Unconditional
Love
Avram provides us
with a model for loving God and people for their own sake and not for any
manifestation of that love.
By Neal Joseph Loevinger
The following article is reprinted with permission from Kolel: The Adult Centre for Liberal Jewish
Learning.
Overview
The first two parshiot of Genesis tell the story of the
creation of the world; with this, the third parsha, the story shifts to the
beginnings of the Jewish people. Avram and Sarai (later to become Avraham and
Sarah) travel from their home in the East, to Canaan in the west, then to Egypt
and back to Canaan, having adventures and conflicts along the way. God strikes
a dramatic and mystical covenant with Avram to give him land and descendants, and
changes his name. Finally, (now) Abraham has a son with Hagar, the Egyptian
maidservant; this causes family tensions.
In Focus
"Avram passed through the land as far as the site of
Shechem, to the oak of Moreh. . . God appeared to Avram and said, 'To your
descendants I will give this land"- then he built an altar there to God
Who had appeared to him. " (Genesis 12:6-7)
Pshat
At the beginning of Avram's travels, he arrives in Canaan
(what the land of Israel is called at this point in time) with his family and
possessions, and again encounters the mysterious God who commanded him to leave
his home and come to this foreign land. When God first appeared to Avram, in
12:1, God promised Avram to make of Avram a "great nation." Only now,
in his second encounter with the Divine, is this blessing connected to a specific
land.
Drash
The Torah often uses very compact language to tell its
narratives. In this case, we have a whole story in just two verses. Avram has
traveled across whole countries; at the end of this part of the journey, God
appears to him and elaborates on the Divine promise made in Avram's homeland.

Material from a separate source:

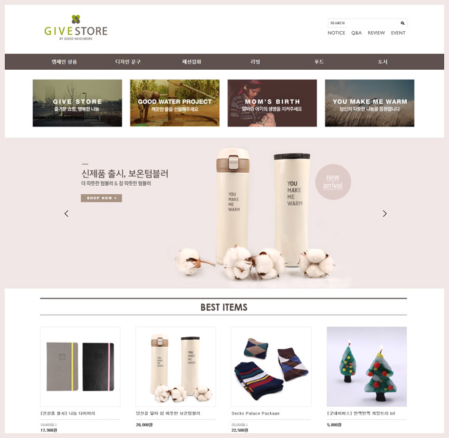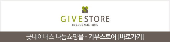 굿네이버스는 나눔 쇼핑몰 기부스토어(http://givestore.kr)를 통해 품질 좋은 디자인 소품들을 합리적인 가격에 판매하고 있습니다. 수익금은 전액 국내외 소외된 이웃들을 위해 사용됩니다. 상품 구매만으로 일상에서 자연스럽게 나눔을 실천할 수 있는 것이지요.

In response to this spiritual experience, Avram builds an altar. Presumably,
Avram is feeling a sense of awe, of gratitude, of reverence, and can only think
of channeling or focusing these feelings into the form of worship that is
familiar to him.
At this point we find a disagreement in the commentaries
about Avram's motivations in building the altar. Rashi says that Avram built
the altar because of the promise of children and land- in other words, Avram
was grateful for the specific content of God's promise to him. This would be
easy to understand- who wouldn't be grateful for the promise of a wonderful
future?
Ohr HaChaim (a biblical commentator) offers a
different understanding of Avram's gratitude:
The intent of the
Torah is show us Avraham's [sic] great love for his Creator. For when God
appeared to him and promised him descendants and the giving of the Land, he did
not consider this to be much, in comparison to his joy at the revealing of the
Presence of the Blessed One. This is a fulfillment of the verse: "the
fullness of joys is Your Presence." (Psalm 16:11) This is why it says,
"then he built an altar there to God Who had appeared to him,"
because he was so overjoyed at God's appearance to him that he built the altar.
(Translation mine, after consulting the translation by Eliyahu Munk.)
What I like about the Ohr HaChaim's commentary is that it
suggests that Avram's spiritual greatness was not that he merited a Divine
Covenant, but that he was able to love God for God's own sake, not just to get
something out of it. This kind of relationship with God is just like a profound
relationship with a human being- one can love simply because one's beloved is
simply present, not because of any specific manifestation of that love.
For example, if my best friend gives me a birthday cake, I
might embrace him in gratitude, but it's not really gratitude for the cake, per
se. Hopefully, I would be emotionally mature enough to experience the gratitude
as a response to my friend's caring, to the fact that my friend remembered me,
that he or she was simply there, fully present in my life. The cake is just an
outward manifestation of that caring, fully present relationship.
Perhaps one insight underlying the Ohr HaChaim's midrash is
the idea that a love dependent on outward manifestations can become fickle or
unstable, whereas a love which emerges from within, which depends only on the
presence of the beloved, can better survive the ups and downs of any
relationship. If we "bless God only for the good," we risk becoming
spiritually alienated when life gets hard; if we can find an inner connection
to the Source of all Being, we can stay spiritually centered through all our
journeys. The Ohr HaChaim seems to be suggesting that Avram would have been
just as happy if God appeared to him and promised him nothing at all; this is a
spiritual love which can endure, just as Avram's faith seems to have endured
throughout all his tests and travels.
Rabbi Neal Joseph Loevinger is currently the rabbi of
Temple Israel of Swampscott and Marblehead, Mass. A former student at Kolel, he served as Kolel’s Director of
Outreach from late 1999-2001. He was
ordained in the first graduating class of the Ziegler School of Rabbinic
Studies of the University of Judaism, and holds a Master’s of Environmental
Studies from York University in Toronto.